Title : High throughput optimization of cell-specific lipid nanoparticles through learning to rank
Abstract:
Lipid nanoparticles (LNPs) have gained traction in recent years due to their use in the COVID-19 vaccine. They are able to deliver nucleic acids, enabling cells to transiently acquire novel therapeutic functions. Yet, one persistent problem remains: the inability to achieve cell-type specificity. Most LNPs exhibit off-target transfection, with significant accumulation in the liver – limiting their application in precision medicine. To address this, we developed a high-throughput computational pipeline that explores the vast compositional space of LNPs to identify cell-specific formulations.
Methodology: We leverage a Learning to Rank (LTR) machine learning framework. Unlike traditional regression models that predict absolute transfection – values that often fluctuate significantly between experimental runs – LTR predicts the relative performance of LNPs. While absolute transfection may vary, the performance hierarchy of different LNP formulations remains consistent across experiments. Input features for the model included formulation compositional parameters and UniMol molecular embeddings to capture the structural and spatial properties of helper and ionizable lipids varied throughout the study. Our initial dataset, created with high-throughput screening, included novel ionizable lipid chemistries. The ranking logic was then implemented alongside the Non-dominated Sorting Genetic Algorithm II (NSGA-II). This allows for multi-objective optimization, where the model is used to maximize transfection in a target cell type whileminimizing off-target transfection in another.

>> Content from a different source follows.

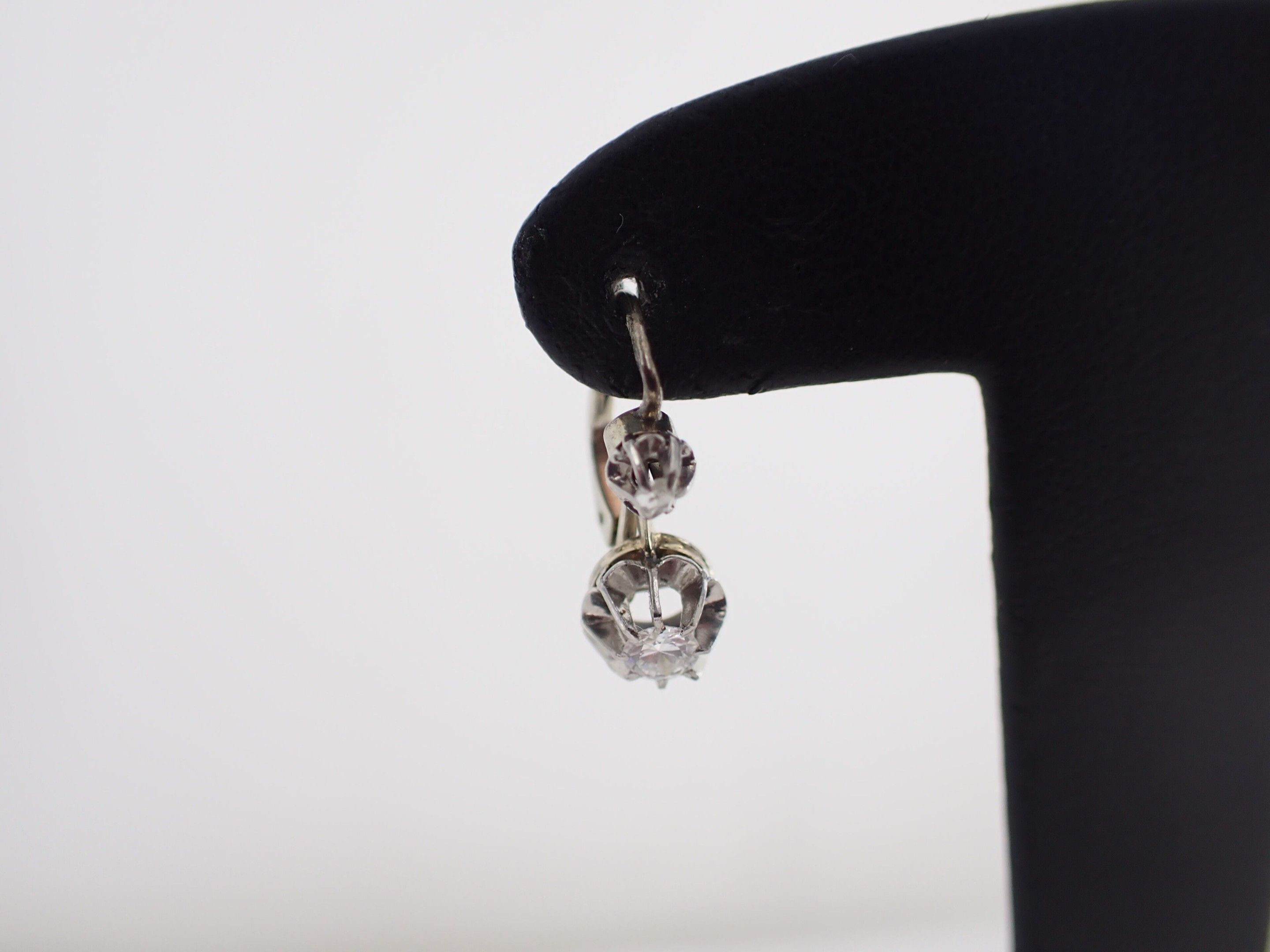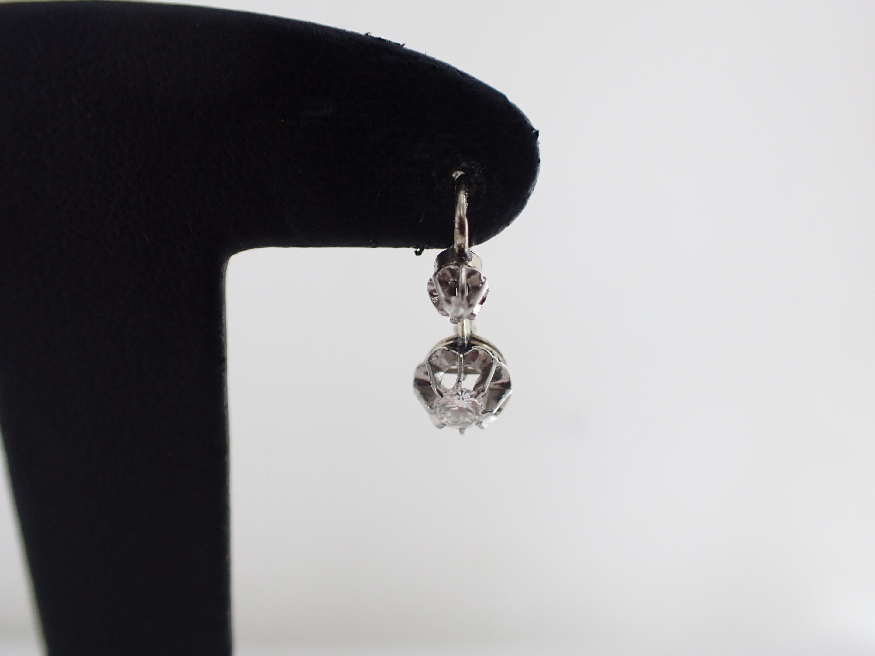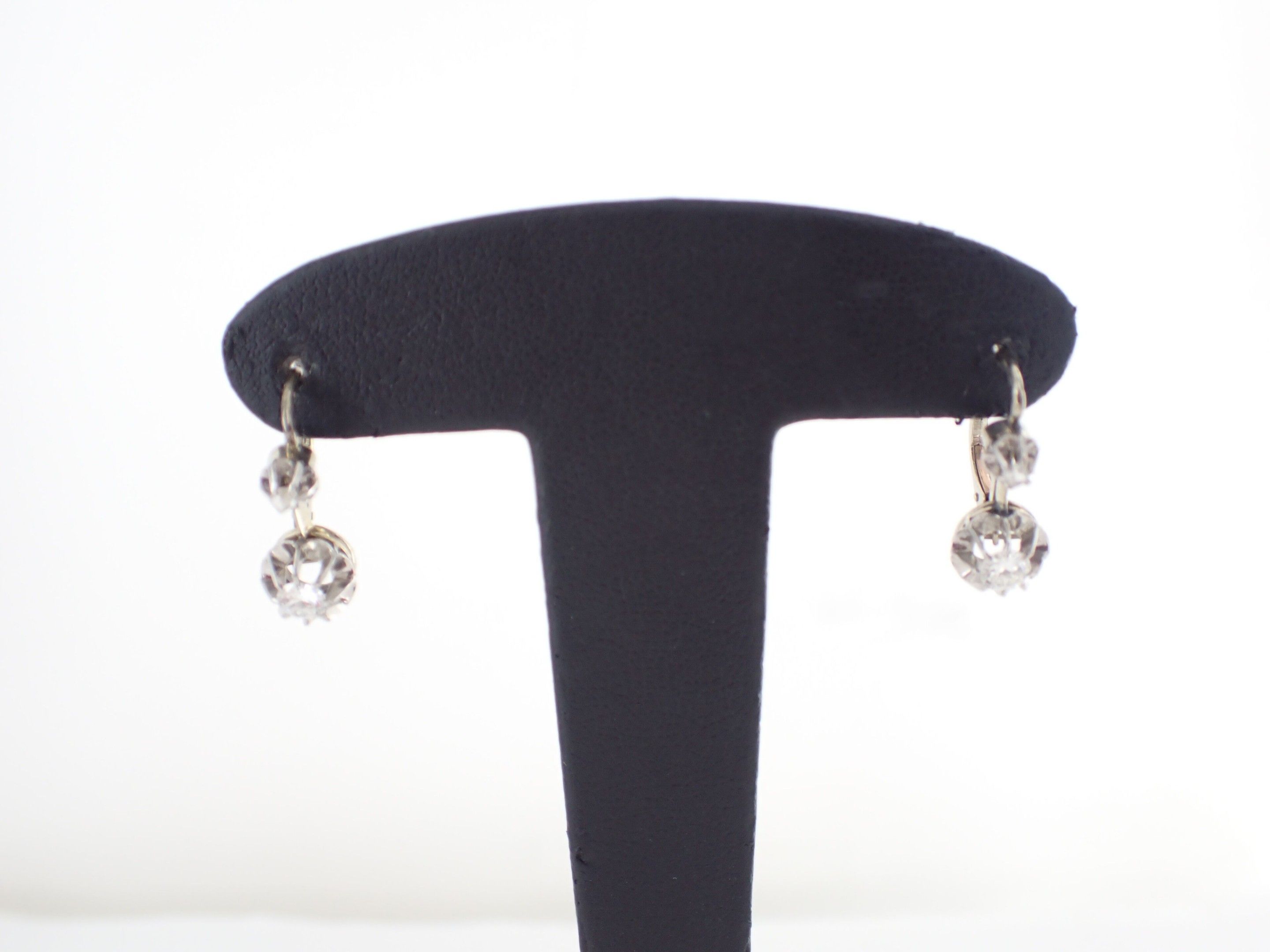 Pair of 750 thousandths white gold and 950 thousandths platinum sleeper earrings set with diamonds, the largest approx. 0.15 carats, the smallest approx. 0.03 carats.

Results: The model demonstrated high predictive accuracy, achieving a validation Normalized Discounted Cumulative Gain (NDCG) of 0.84 and a test NDCG of 0.87. Both the validation and test sets consisted of held-out ionizable lipid structures. Thus, the high performance suggests the model generalizes to novel chemistries. In addition, SHAP (SHapley Additive exPlanations) analysis identified compositional parameters and specific features within the molecular embeddings that drive model predictions. These SHAP values were then used to generate t-SNE plots, allowing for the identification of helper and ionizable lipid pairs that form high-transfection clusters. Furthermore, the NSGA-II algorithm successfully generated a Pareto front of LNPs capable of potent transfection in B16 melanoma cells while avoiding Jurkat T-cells.
Future Directions: Ongoing work focuses on improving this pipeline by introducing a custom loss function in the LTR architecture to increase ranking accuracy. We’re also working to increase interpretability of the
molecular embeddings, elucidating the chemical features of helper and ionizable lipids that lead to higher transfection. This framework will be expanded to directly optimize lipid chemistries. We’ll also apply it to optimize poly-beta amino ester (PBAE) nanoparticles, fine tuning polymer-based delivery systems. Ultimately, we aim to continue developing a scalable, interpretable approach toward engineering next-generation drug delivery vehicles.